Council votes to spend $1,600 on ‘watch for wildlife’ signs
Spending up to $1,600 on signs alerting motorists to wildlife is too much, Councillor Grant Ward commented on Sept. 17.
Mayor Jack Froese agreed, but a majority of council approved the signs for Willoughby where development is pushing wildlife out of its habitat.
Many animals end up being killed or maimed when they are hit by moving vehicles. Disturbed by their fate, Willoughby resident Dr. Patricia Tallman began a campaign to persuade the Township to erect the signs. These will target Willoughby first because that is where most of Langley’s development is taking place.
Council also authorized staff to review an excavation protocol, authored by Tallman, with the Urban Development Institute.

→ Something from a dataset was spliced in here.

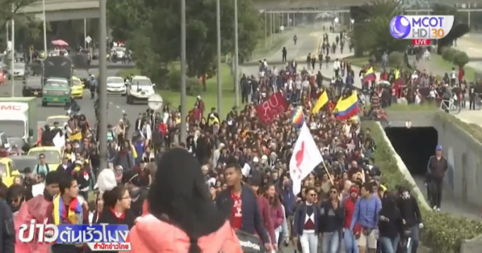 กลุ่มผู้ประท้วงเดินขบวนไปตามท้องถนนในเมืองหลวงของโคลอมเบีย เรียกร้องให้รัฐบาลยกเลิกแผนปฏิรูปภาษี การประท้วงบานปลายกลายเป็นการปะทะรุนแรงระหว่างตำรวจกับกลุ่มผู้ประท้วง
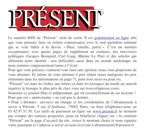 8 000ème numéro du quotidien : Présent vous fait une offre…

The protocol supports a ban on excavation during nesting or dening season if terrestrial wildlife is observed. This measure alone, Tallman said, would eliminate the current discriminatory practice of ignoring terrestrial wildlife and contribute towards reducing juvenile road kill.
The protocol encourages ‘wildlife awareness’ alerts to excavation crews, and building containment fences to prevent wildlife from escaping onto roadways.
As well, when a pond is to be drained, pond species should be salvaged and relocated.
Without naming Tallman, Ward said that the Township “is looking after one particular person who has come to this council. We have gone down this road way too long.”
Concerned about the proliferation of signs, Ward commented that “wildlife get caught under the wheels of cars . . . we should not be spending this type of money.”
Councillor David Davis said that the wildlife signs “warn us to slow down and pay attention.”